私はこれを考古学のようなものだと考えている。最初の2層を掘り起こすまで、3層目の遺物は見えない。掘るたびに、上の層が隠していたものが明らかになる。

実務的な示唆はこうだ——シンプル化を1ラウンドしかやっていないなら、本当の底にはほぼ確実にたどり着いていない。本当の底は、「これで十分」と感じるところから、たいてい2〜3ラウンド深いところにある。


十分にシンプルにしたかどうか、どうやって判断するか? ニッキにはエレガントな答えがあった——新人テストだ。

プロセスを初めて見る人に5分以内で説明できないなら、まだ十分にシンプルではない。ベテランはシンプルさの最悪の審判員だ。なぜなら、彼らの専門知識がギャップを埋めてしまうからだ。ドキュメントに明記されていなくても、どのステップの次にどれが来るか知っている。わかりにくい部分には回避策を構築済みだ。非効率な部分には身体が覚えている。

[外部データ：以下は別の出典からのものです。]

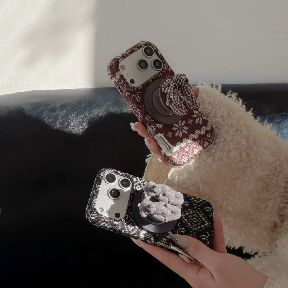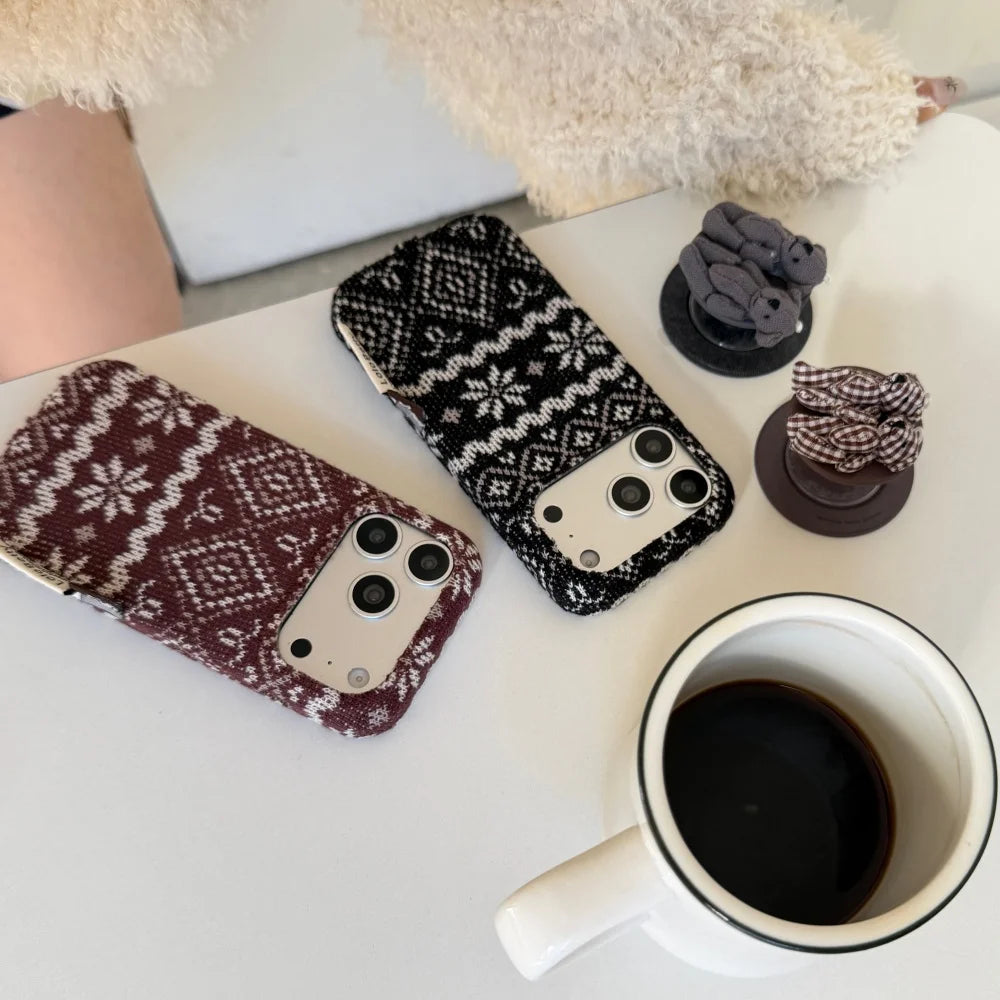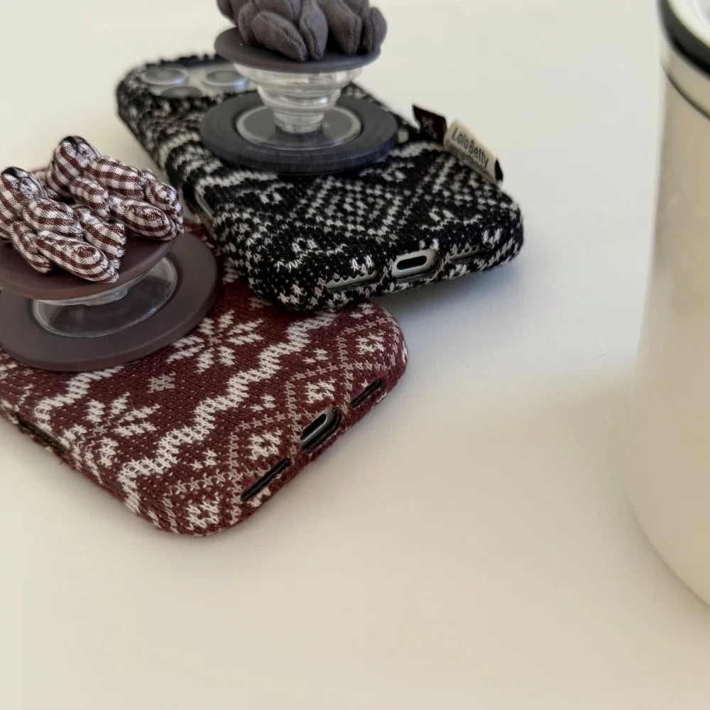 クラシックニット ベアグリップ iPhoneケース|秋冬ツイード風デザイン #240416
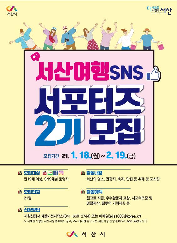 한편, 지난해 제1기 서산여행 SNS 서포터즈는 343건의 서산여행 홍보콘텐츠를 페이스북, 인스타그램 등 다양한 SNS채널에 홍보해 전국적으로 큰 호응을 얻었다.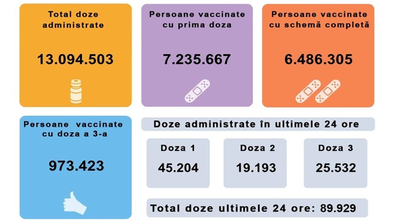 Comitetul de coordonare a vaccinării a transmis, vineri, că aproape 90.000 de persoane au fost vaccinate în ultimele 24 de ore, 45.204 cu prima doză sau cu serul Johnson&Johnson. Numărul celor vaccinaţi cu...
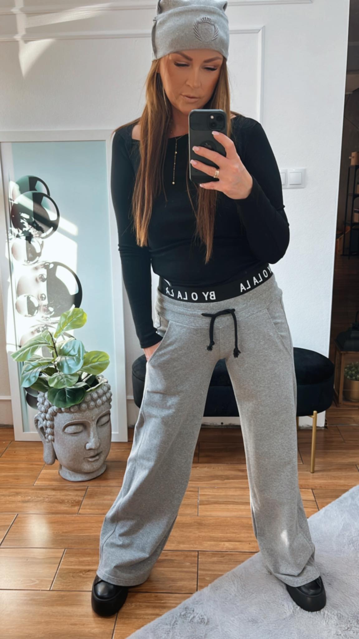 BY O LA LA! DRESOWE SPODNIE Z LOGOWANĄ GUMĄ SZARE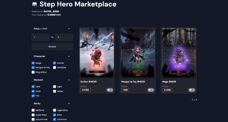 Holders of Hero tokens can stake their balance to earn in-game points, or stake Hero-BNB LP to earn FLIP tokens on PancakeSwap, meaning that there is more than one utility for holders of Hero tokens providing players with a choice of how they want to use their tokens. Players can use BNB or redeem points and FLIP for NFT’s which can be traded on the in-game marketplace. The marketplace is a cross-chain NFT platform where users can create, sell, and buy NFT’s, and even includes features such as auctions and affiliate programs.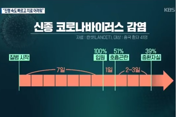보고내용에 따르면 중국의료진이 신종코로나바이러스 초기감염환자 41명의 진료내용을 공개하였습니다. 주목할만한 건 일부 감염환자의 진행속도가 빠르다는 것입니다. 대부분 증상이 심해져 일주일만에 입원했고, 입원한 환자의 절반가량은 하루만에 호흡곤란이 생겨 2 ~3일 뒤 중환자실로 옮겨졌습니다.

新人にはそのどれもない。新人が感じるあらゆる混乱、あらゆる戸惑い、あらゆる質問が、プロセスにまだ改善が必要な場所を正確に示す指標なのだ。

ニッキは定期的に新入社員を連れてきて、デリバリープロセスをぶっつけ本番で——コーチングなしで——やらせて観察した。つまずいたら、ベテランがどう思おうと、プロセスはまだ複雑すぎるのだ。


ガイダンス#

チームが定期的に行っているプロセスを1つ選ぼう——理想的には顧客とのやり取りを含むものだ。そして3ラウンドを実施する:

ラウンド1:贅肉を落とす。 冗長なステップ、不要な引き継ぎ、空白時間を探す。このラウンドで通常30〜50%の削減が実現する。

ラウンド2:ステップを上流に移す。 残ったすべてのステップについて問う——これは実行の瞬間にやる必要があるのか、それとも事前にできるのか? 可能なものはすべて事前実行フェーズに移す。

ラウンド3:儀式に疑問を投げかける。 最も自然に感じる前提に挑戦する。「顧客はこの場にいなければならない。」「誰かが対面で説明する必要がある。」「このステップはずっとプロセスの一部だった。」これらの言葉こそ、最も深い無駄の層を守る番人だ。

各ラウンドの後、新人テストを実施する。プロセスに馴染みのない人を連れてきて、実行してもらう。その人が躊躇するところが、次にシンプル化すべき場所だ。

シンプル化とは手抜きをすることではない。繰り返し検証することで、角だと思い込んでいたものの多くが、実は理由もなく遠回りしていた直線だったと発見することなのだ。